• _Your instructions_:
An exact copy of the listing below is required, minus its pictures.

• _Recorded information_:
* * *
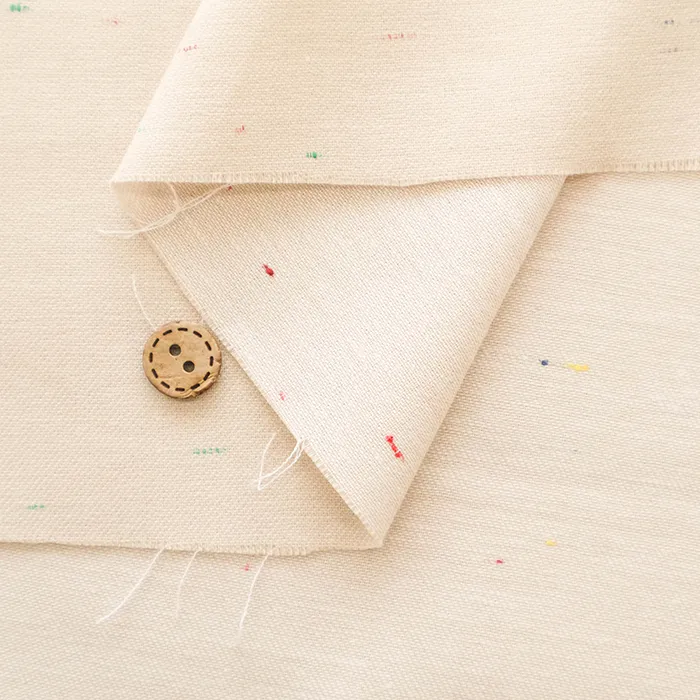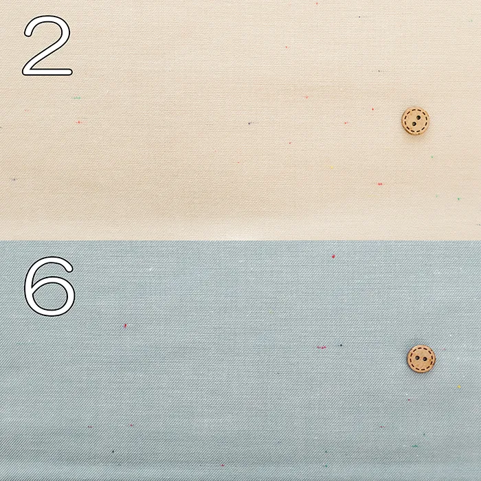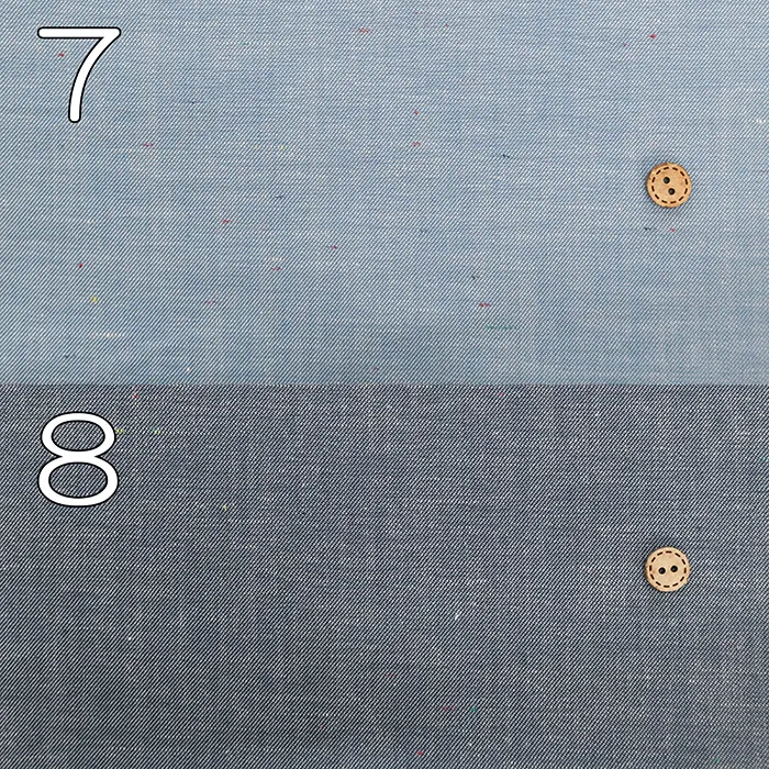 シャンブレーとは、経糸と緯糸を交互に編んでいく平織り生地の一種で、経糸に色の糸、緯糸には白糸を使って織り上げたものを指します。霜降りのような斑点模様がぽつぽつと見えるのが特徴で、爽やかな見た目と肌触りから夏服に適しています。
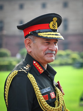 NEW DELHI, INDIA - AUGUST 20: General Upendra Dwivedi, Chief of Indian Army arrives to receive Japanese Minister of Defense Minoru Kihara at South block lawns on August 20, 2024 in New Delhi, India. (Photo by Sanchit Khanna/Hindustan Times)
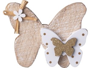 Dekorace dřevění motýli přírodní v bílé barvě s glitrem 120x100mm
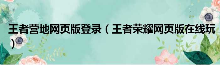 王者营地网页版登录(王者荣耀网页版在线玩)
* * *
• _Output below_:
 シャンブレーとは、経糸と緯糸を交互に編んでいく平織り生地の一種で、経糸に色の糸、緯糸には白糸を使って織り上げたものを指します。霜降りのような斑点模様がぽつぽつと見えるのが特徴で、爽やかな見た目と肌触りから夏服に適しています。
 NEW DELHI, INDIA - AUGUST 20: General Upendra Dwivedi, Chief of Indian Army arrives to receive Japanese Minister of Defense Minoru Kihara at South block lawns on August 20, 2024 in New Delhi, India. (Photo by Sanchit Khanna/Hindustan Times)
 Dekorace dřevění motýli přírodní v bílé barvě s glitrem 120x100mm
 王者营地网页版登录(王者荣耀网页版在线玩)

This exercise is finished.